See also: How Do Women 50+ Feel About Social Security?

During a press conference, U.S. Treasury Secretary and managing trustee Jacob J.  Lew urged Congress to “not wait until the eleventh hour to address the fiscal challenges given that they represent the cornerstone of economic security for seniors in our country.”

The AARP Take a Stand campaign has been asking presidential candidates to commit to securing the future of Social Security. “Candidates who don’t take a stand on Social Security in this important election year choose to put the program’s strength at risk in the long term,” said AARP CEO Jo Ann Jenkins. “Though people of all ages rely on it, its importance to older Americans — already under tremendous pressure from wage stagnation and shrinking pensions — is only likely to grow.”

Social Security annually weighs whether to give beneficiaries a cost-of-living adjustment based on the inflation rate during the third quarter of the year compared to the last year a COLA was awarded. Beneficiaries didn’t receive a COLA for 2016 because the inflation rate had fallen, the third time since 2010 they didn’t get a bump in payments. The 0.2 percent COLA that the trustees project for 2017 could yet change with inflation. The final word will come in October.

Gasoline prices have been rising this year, and the higher employment rate means that employers will have to increase wages to attract workers — both signs of inflation, said James Angel, an associate professor of finance at Georgetown University. Still, Angel said, Social Security beneficiaries should not expect much when it comes to a COLA next year.

The big question for Medicare beneficiaries is what happens to the Part B premium in 2017. With no COLA for 2016, about 70 percent of Medicare beneficiaries were “held harmless” from cost increases and are paying the same standard premium as they had in the previous three years ($104.90 a month). The rest are required by law to share the load of increased costs and pay a lot more. Congress, though, stepped in last year with a solution that limited the impact of the increases for 2016.

See also: The Spousal-Benefits Puzzle

The small COLA now projected for 2017 would still have an impact on Part B premiums. The report estimates that standard premiums for most of those in the 30 percent not currently held harmless would jump by $27.20 to $149.00 a month next year. The other 70 percent would pay $107.60 a month in 2017 — $2.70 more than they pay now, according to the nonprofit National Committee to Preserve Social Security and Medicare.
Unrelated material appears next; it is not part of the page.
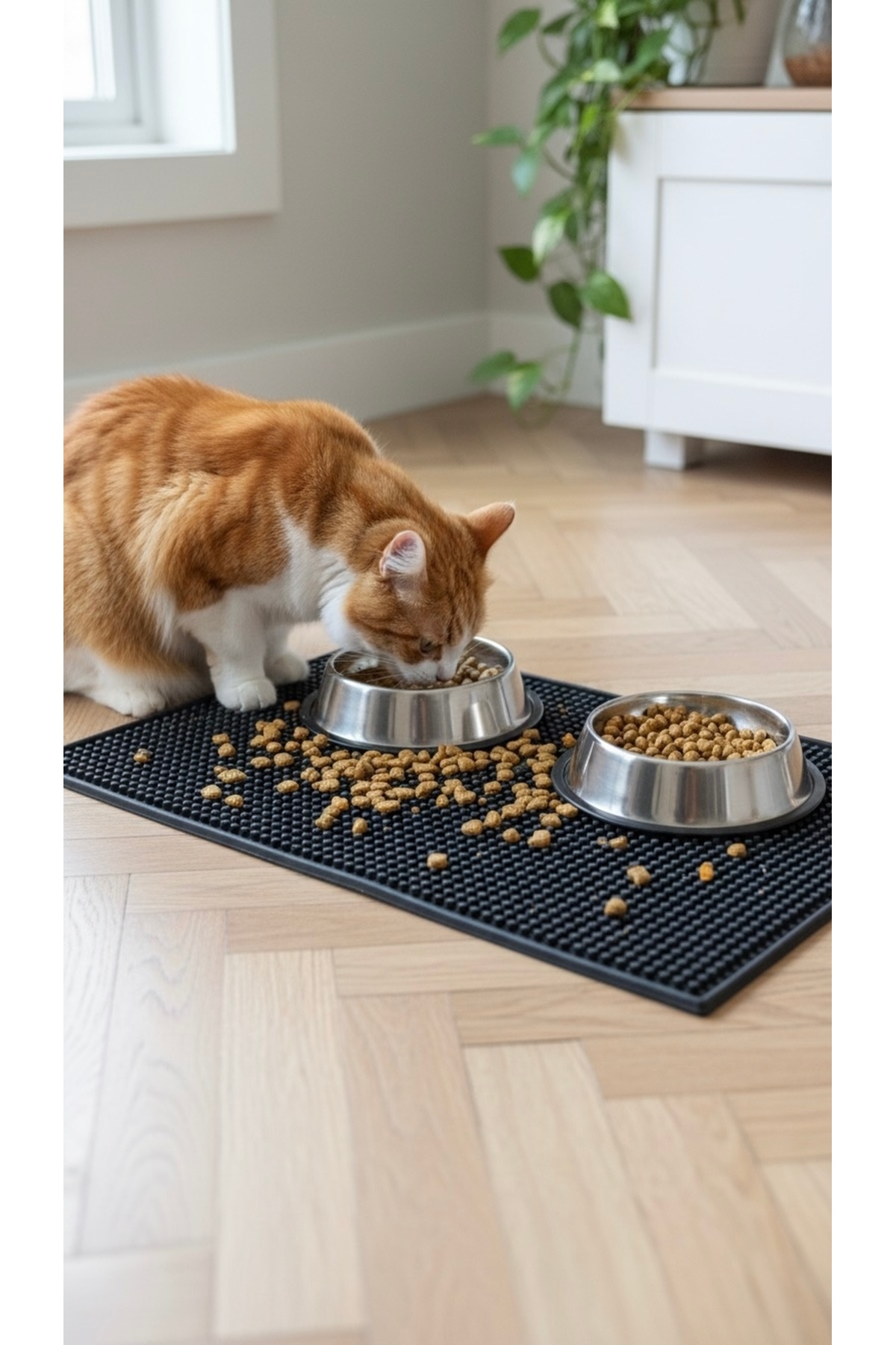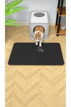 Dem Home Silikon Havuzlu Mama ve Kum Matı Yıkanabilir Kedi Tuvaleti Önü Kedi Kumu Paspası 42×30

Among the 30 percent affected in 2017 would be people who did not have their premiums deducted from Social Security checks in 2016 (including those new to Medicare in 2017) and those who already pay higher premiums because they have higher incomes. The report estimates that higher-income beneficiaries would see even higher jumps in premiums next year — from $166.30 to $204.40 a month for the lowest affected tax bracket, and from $380.20 to $467.20 for those in the highest.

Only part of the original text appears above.